EXERCISE INPUTS:
-- -- --
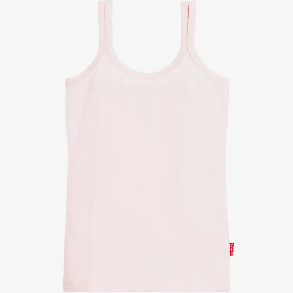 Girls light pink vest by Claesen's, made in soft and stretchy cotton jersey. A simple design, this comfortable top has thin shoulder straps which can be adjusted on the back for a secure fit.
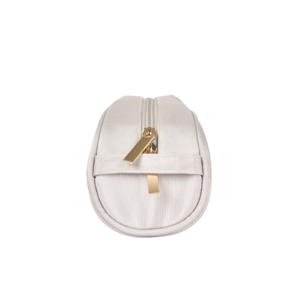 ジッパーが大きく開き、出し入れがスムーズ。旅先や外出先の限られたスペースでもストレスなく使用可能。
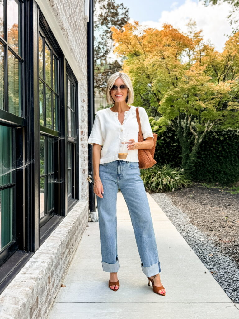 This combo is such a fresh take on everyday denim. The cropped knit top pairs perfectly with cuffed jeans, creating balance that feels intentional without trying too hard. A neutral heel gives just enough height, and the woven tote adds the kind of texture that always works in the fall. Rolling your denim like this also draws attention to your shoes, so it’s a fun way to show off a favorite pair.
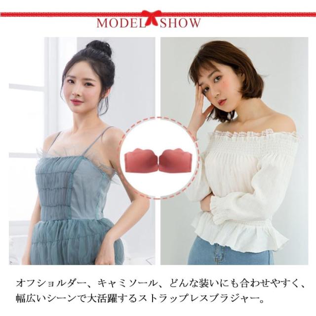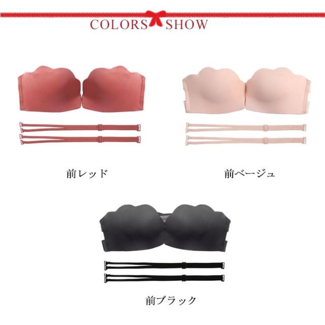 | かわいいスカラップデザイン、ずれにくいのに盛れるストラップレスブラ。 ストラップレスだと谷間に自信が持てない時にはフロントホックで谷間をメイク、ワイヤーレスで優しい着け心地。 シームレスで響きにくく、綺麗なシルエットにカップ部分は柔らか素材で通気性があり汗ばむ季節も快適。 ストラップレスは肩や背中開いた服やドレスの時だけでなく肩紐の食い込みや肩こりのお悩みも解決。 オフショルダー、キャミソール、どんな装いにも合わせやすく、幅広いシーンで大活躍するストラップレスブラジャー。 ストラップ付きなので、普通のブラジャーにも変身可能! | |
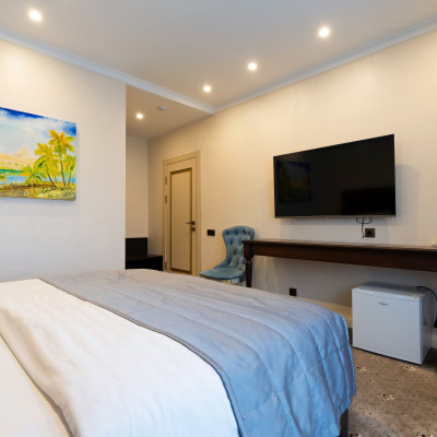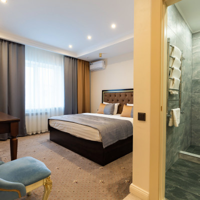 Номер улучшенный стандарт выполнен в классическом стиле. В расположении гостей двухместная кровать (180х200) с ортопедическим матрасом, плазменная панель, интерактивное спутниковое телевидение, гардероб, стол, холодильник, набор для приготовления чая/кофе, бутилированная вода.
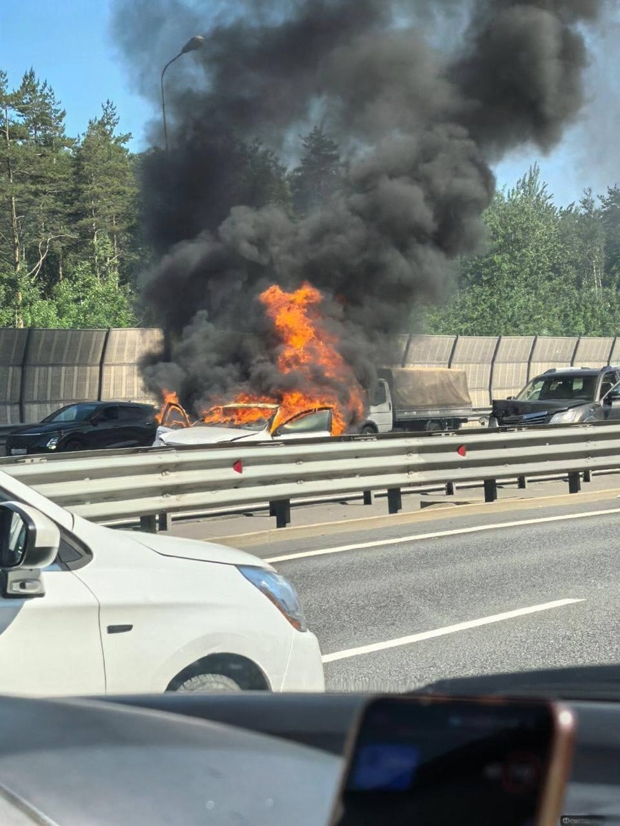 На КАД в районе Ржевки крупное ДТП, движение в направлении от Кудрово стоит мёртво
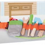 Regulowany pas na narzędzia dla dzieci marki Small Foot jest wyposażony w różnorodne narzędzia do zabawnej i pouczającej zabawy. Dzięki zmiennej długości pasa (41–103 cm) każdy mały majsterkowicz łatwo dopasuje go do siebie. Zestaw zawiera: młotek, śrubokręt, klucz, kątomierz, śruby i nakrętki.
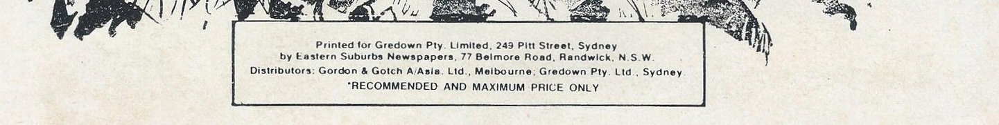 Printed for Gredown Pty. Limited, 249 Pitt Street, Sydney by Eastern Suburbs Newspapers, 77 Belmore road, Randwick, N.S.W. Distributors: Gordon & Gotch A/Asia. Ltd., Melbourne; Gredown Pty. Ltd., Sydney.
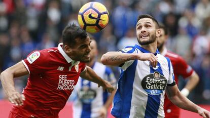 Encontró el espacio el Sevilla tras media hora. Lo halló Ganso, que tiene la ganzúa para cualquier intrincada cerradura. Puede que no tenga la velocidad precisa para marcar diferencias al máximo nivel en Europa, puede que haya que verlo, también, pero el brasileño es un orfebre. Un taconazo suyo abrió un espacio para dejar a Ganso solo ante Tyton. Reaccionó el meta con una parada de balonmano y tapó el gol. Decayó entonces unos minutos el Sevilla, pudo airearse el Deportivo, que no acabó de encontrar a Emre Çolak, pero sí a sus dos delanteros. Trabajó bien Babel y anotó Florin Andone, que hizo por fin el gol que tanto buscaba este año. Ya se había estrenado la jornada pasada en Granada, pero en esta ocasión cuadró el círculo que ha estado obligado a trazar tantas veces desde que empezó el campeonato, el de buscar el gol de la nada. Lo encontró desde el pico del área, tras deshacerse de un zaguero, picar la pelota entre otros dos y cruzar ante la salida de Sergio Rico.
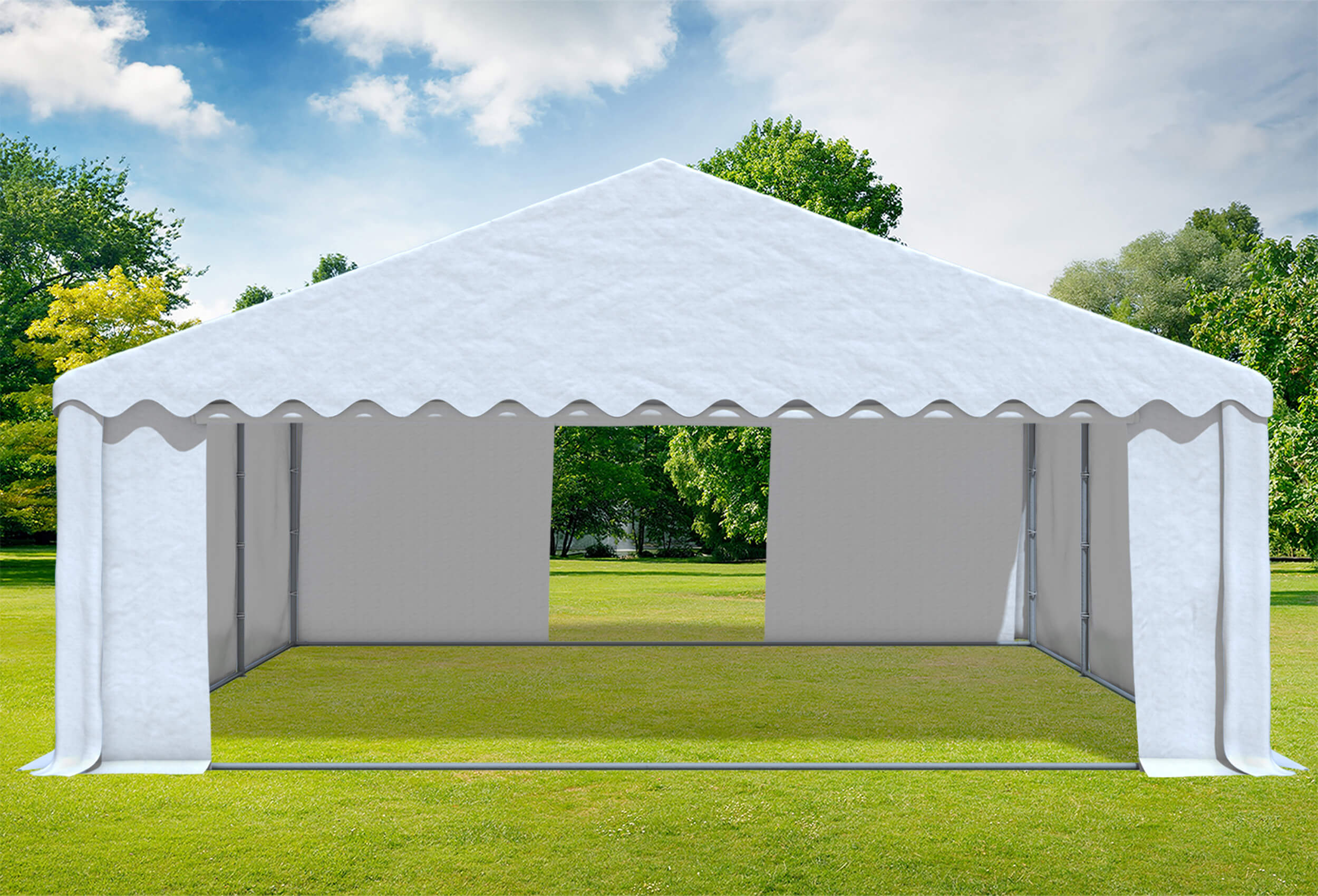 % €1,429.00 (9.8% saved)The giant among the sturdy party tents for the highest demands. Perfectly suited for large events, club parties, festivities and much more. A whopping 50 mm tube diameter and an already integrated floor frame as well as grid fibre-reinforced 550 g/m² Professional FR PVC characterise the Giant model. The tarpaulin material is certified fireproof. Super stable thanks to additional roof struts and very durable thanks to the high-quality workmanship. The side sections can be assembled individually at 2 metre intervals as required. This results in many assembly variants depending on the size. Highest quality level thanks to high material thicknesses in all respects as well as high-quality and robust workmanship. Accessories already included in the scope of delivery ensure that it is ready for immediate use. Easy to clean thanks to the glossy, smooth surface.
-- -- --
If pictures appear in the data, omit them and copy all other parts exactly.

 Girls light pink vest by Claesen's, made in soft and stretchy cotton jersey. A simple design, this comfortable top has thin shoulder straps which can be adjusted on the back for a secure fit.
 ジッパーが大きく開き、出し入れがスムーズ。旅先や外出先の限られたスペースでもストレスなく使用可能。
 This combo is such a fresh take on everyday denim. The cropped knit top pairs perfectly with cuffed jeans, creating balance that feels intentional without trying too hard. A neutral heel gives just enough height, and the woven tote adds the kind of texture that always works in the fall. Rolling your denim like this also draws attention to your shoes, so it’s a fun way to show off a favorite pair.
 | かわいいスカラップデザイン、ずれにくいのに盛れるストラップレスブラ。 ストラップレスだと谷間に自信が持てない時にはフロントホックで谷間をメイク、ワイヤーレスで優しい着け心地。 シームレスで響きにくく、綺麗なシルエットにカップ部分は柔らか素材で通気性があり汗ばむ季節も快適。 ストラップレスは肩や背中開いた服やドレスの時だけでなく肩紐の食い込みや肩こりのお悩みも解決。 オフショルダー、キャミソール、どんな装いにも合わせやすく、幅広いシーンで大活躍するストラップレスブラジャー。 ストラップ付きなので、普通のブラジャーにも変身可能! | |
 Номер улучшенный стандарт выполнен в классическом стиле. В расположении гостей двухместная кровать (180х200) с ортопедическим матрасом, плазменная панель, интерактивное спутниковое телевидение, гардероб, стол, холодильник, набор для приготовления чая/кофе, бутилированная вода.
 На КАД в районе Ржевки крупное ДТП, движение в направлении от Кудрово стоит мёртво
 Regulowany pas na narzędzia dla dzieci marki Small Foot jest wyposażony w różnorodne narzędzia do zabawnej i pouczającej zabawy. Dzięki zmiennej długości pasa (41–103 cm) każdy mały majsterkowicz łatwo dopasuje go do siebie. Zestaw zawiera: młotek, śrubokręt, klucz, kątomierz, śruby i nakrętki.
 Printed for Gredown Pty. Limited, 249 Pitt Street, Sydney by Eastern Suburbs Newspapers, 77 Belmore road, Randwick, N.S.W. Distributors: Gordon & Gotch A/Asia. Ltd., Melbourne; Gredown Pty. Ltd., Sydney.
 Encontró el espacio el Sevilla tras media hora. Lo halló Ganso, que tiene la ganzúa para cualquier intrincada cerradura. Puede que no tenga la velocidad precisa para marcar diferencias al máximo nivel en Europa, puede que haya que verlo, también, pero el brasileño es un orfebre. Un taconazo suyo abrió un espacio para dejar a Ganso solo ante Tyton. Reaccionó el meta con una parada de balonmano y tapó el gol. Decayó entonces unos minutos el Sevilla, pudo airearse el Deportivo, que no acabó de encontrar a Emre Çolak, pero sí a sus dos delanteros. Trabajó bien Babel y anotó Florin Andone, que hizo por fin el gol que tanto buscaba este año. Ya se había estrenado la jornada pasada en Granada, pero en esta ocasión cuadró el círculo que ha estado obligado a trazar tantas veces desde que empezó el campeonato, el de buscar el gol de la nada. Lo encontró desde el pico del área, tras deshacerse de un zaguero, picar la pelota entre otros dos y cruzar ante la salida de Sergio Rico.
 % €1,429.00 (9.8% saved)The giant among the sturdy party tents for the highest demands. Perfectly suited for large events, club parties, festivities and much more. A whopping 50 mm tube diameter and an already integrated floor frame as well as grid fibre-reinforced 550 g/m² Professional FR PVC characterise the Giant model. The tarpaulin material is certified fireproof. Super stable thanks to additional roof struts and very durable thanks to the high-quality workmanship. The side sections can be assembled individually at 2 metre intervals as required. This results in many assembly variants depending on the size. Highest quality level thanks to high material thicknesses in all respects as well as high-quality and robust workmanship. Accessories already included in the scope of delivery ensure that it is ready for immediate use. Easy to clean thanks to the glossy, smooth surface.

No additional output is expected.